Ein solcher Sachverhalt ist hier gegeben. Der Kläger hat seine vertragsärztliche Tätigkeit wegen seiner Erkrankung jedenfalls spätestens Mitte 2002 aufgegeben. Aufgrund seiner Erkrankung war es ihm über diesen Zeitraum hinaus nicht möglich, seine vertragsärztliche Tätigkeit fortzusetzen. Einkünfte aus dieser Tätigkeit waren daher von diesem Zeitpunkt an tatsächlich überhaupt nicht mehr zu erwarten. Dies rechtfertigt ein Abweichen vom Regelfall und die Berechnung des Gegenstandswertes nach einem anderen Kriterium. Das Sozialgericht hat sich insoweit an dem wirtschaftlichen Interesse des Klägers an dem Praxisverkauf orientiert und diesen Wert, den der Kläger mit 250.000,00 EUR beziffert hat, herangezogen. Soweit der Kläger nunmehr im Berufungsverfahren insoweit vorträgt, dass dieses Interesse im Zeitpunkt seines Antrages auf Ausschreibung seines Vertragsarztsitzes im September 2002 ohnehin noch nicht ermittelbar gewesen sei, kann dahingestellt bleiben, ob diesem Vortrag zu folgen ist. Denn nach § 13 Abs. 1 Satz 2 GKG a. F. müsste in einem Fall, in dem der bisherige Sach- und Streitstand keine genügenden Anhaltspunkte für die Wertberechnung bietet, der Kostenfestsetzung ein Streitwert von 4.000,00 EUR zugrunde gelegt werden.

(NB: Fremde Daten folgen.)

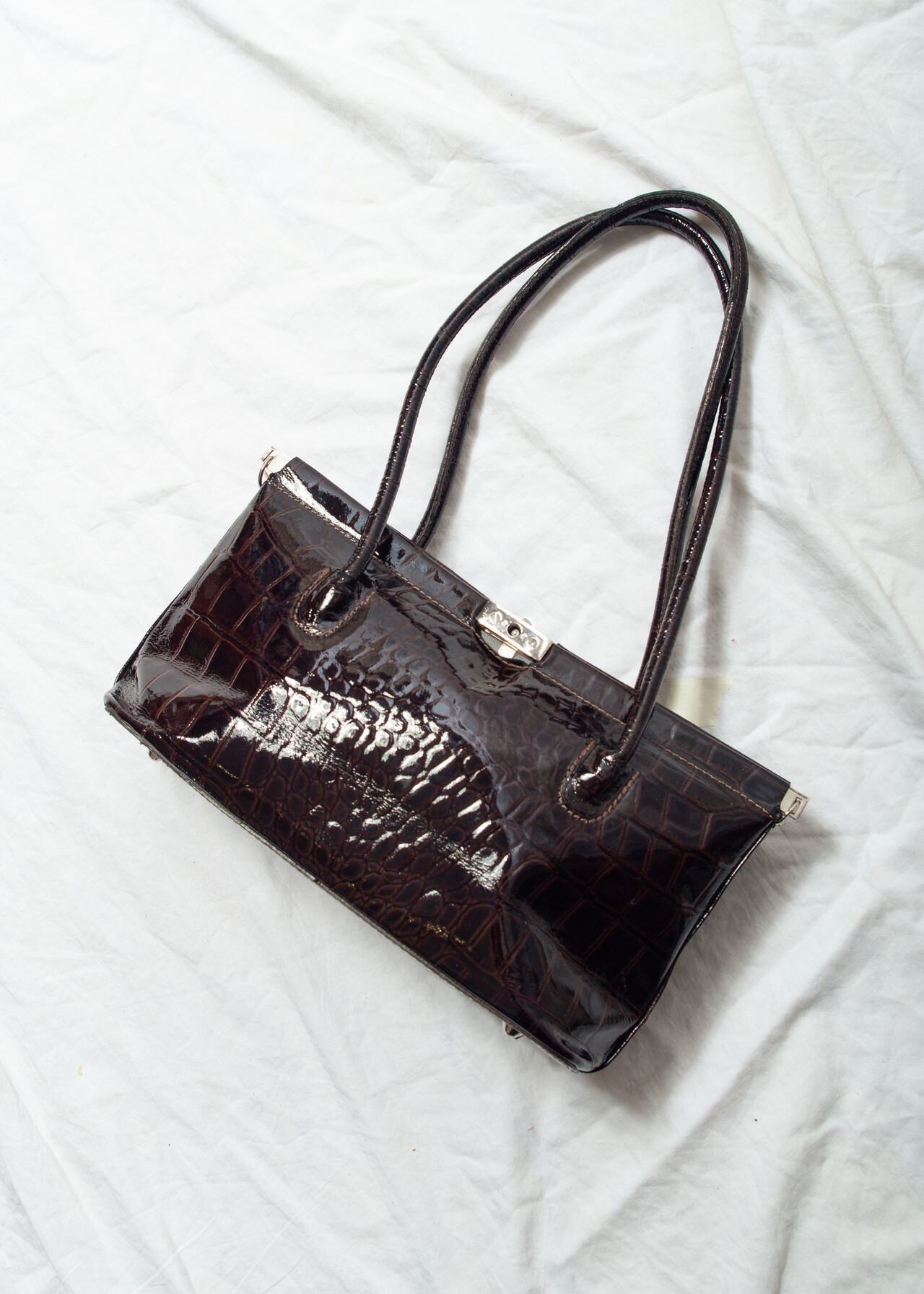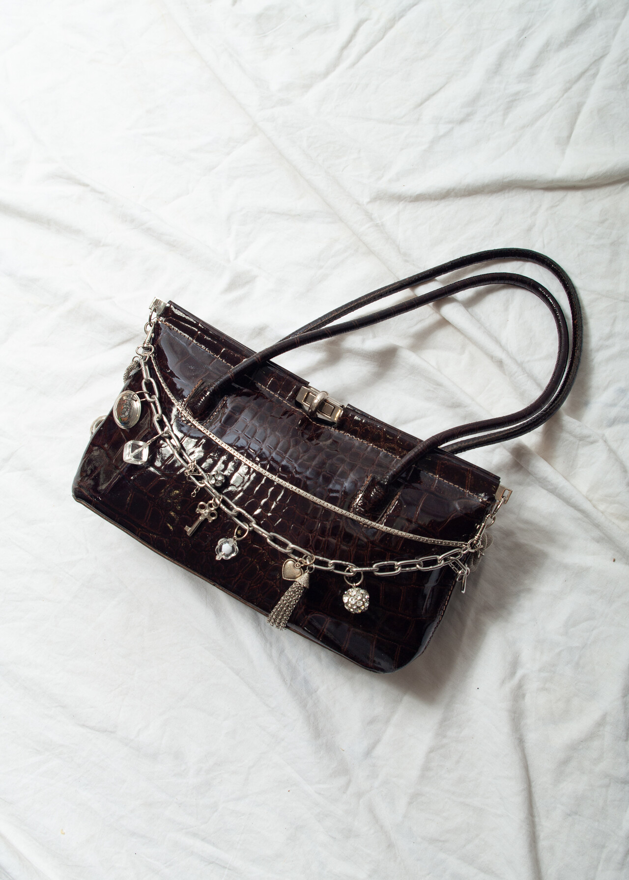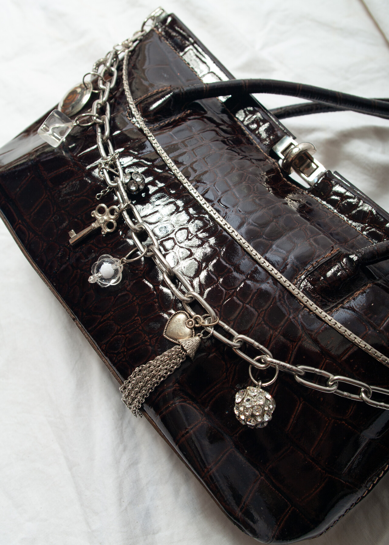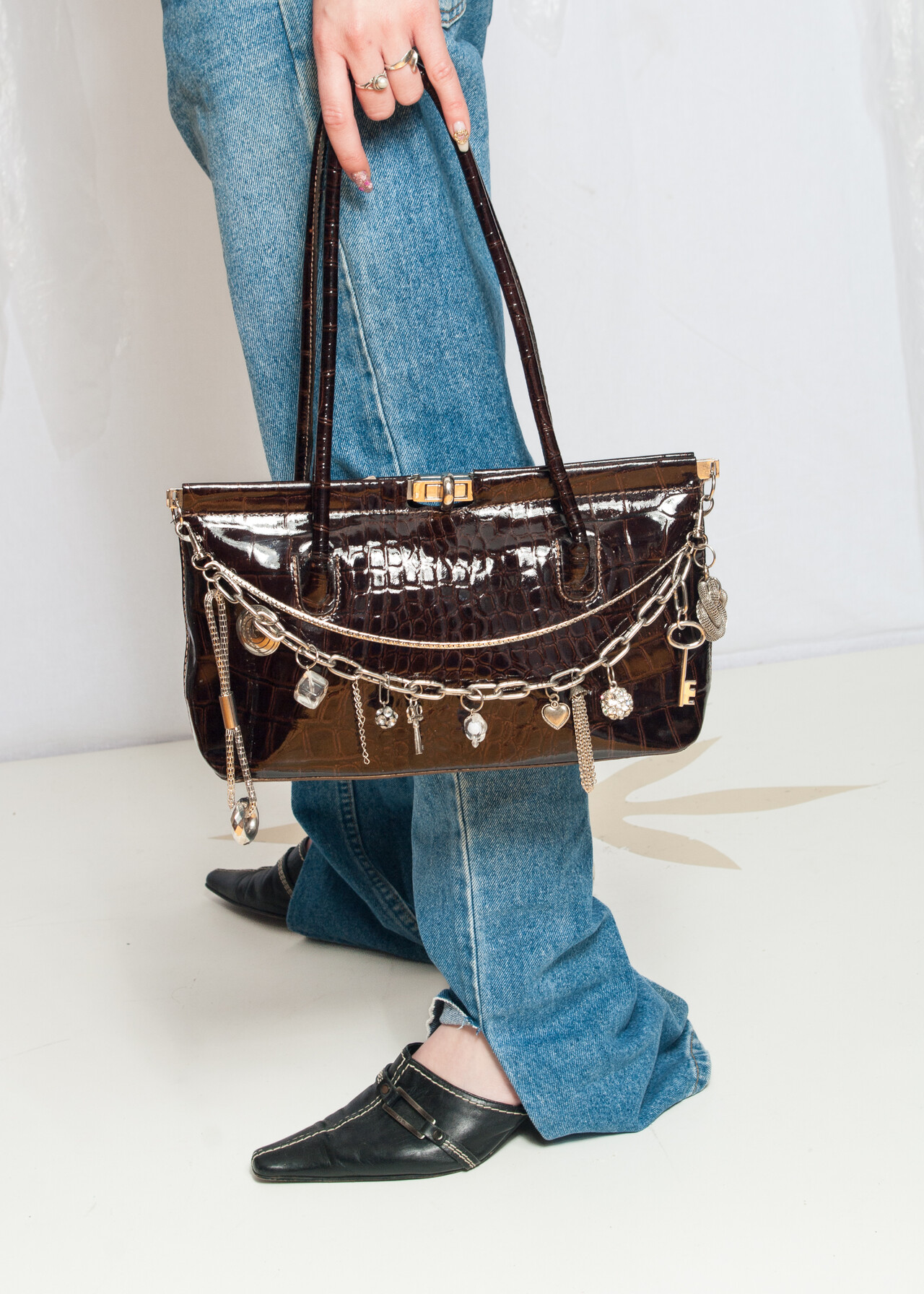 Tags: chain key beads, croco shoulder bag, European vintage, made in Italy, maximalism, patent leather purse, real leather bag, reworked, silver hardware, upcycled

Hieran ist der Senat jedoch nach dem Verbot der reformatio in peius gehindert, da dies zu einer Änderung der vom Kläger angegriffenen Entscheidung zu seinen Ungunsten führen würde.

Soweit der Kläger im Berufungsverfahren nochmals wiederholt die Auffassung vertritt, dass die Festsetzung des Gegenstandswertes in dem angefochtenen Beschluss des Beklagten vom 05. Mai 2004 in Bestandskraft erwachsen sei, kann er damit keinen Erfolg haben. Der Senat sieht insoweit von einer weiteren Darstellung der Entscheidungsgründe ab und schließt sich der überzeugenden und zutreffenden Begründung des Sozialgerichts nach eigener Prüfung an (§ 153 Abs. 2 SGG).

Die Kostenentscheidung folgt aus § 197 a SGG in Verbindung mit §§ 154 Abs. 2, 162 Abs. 3 der Verwaltungsgerichtsordnung.

Gründe für die Zulassung der Revision nach § 160 Abs. 2 Nr. 1 und Nr. 2 SGG liegen nicht vor.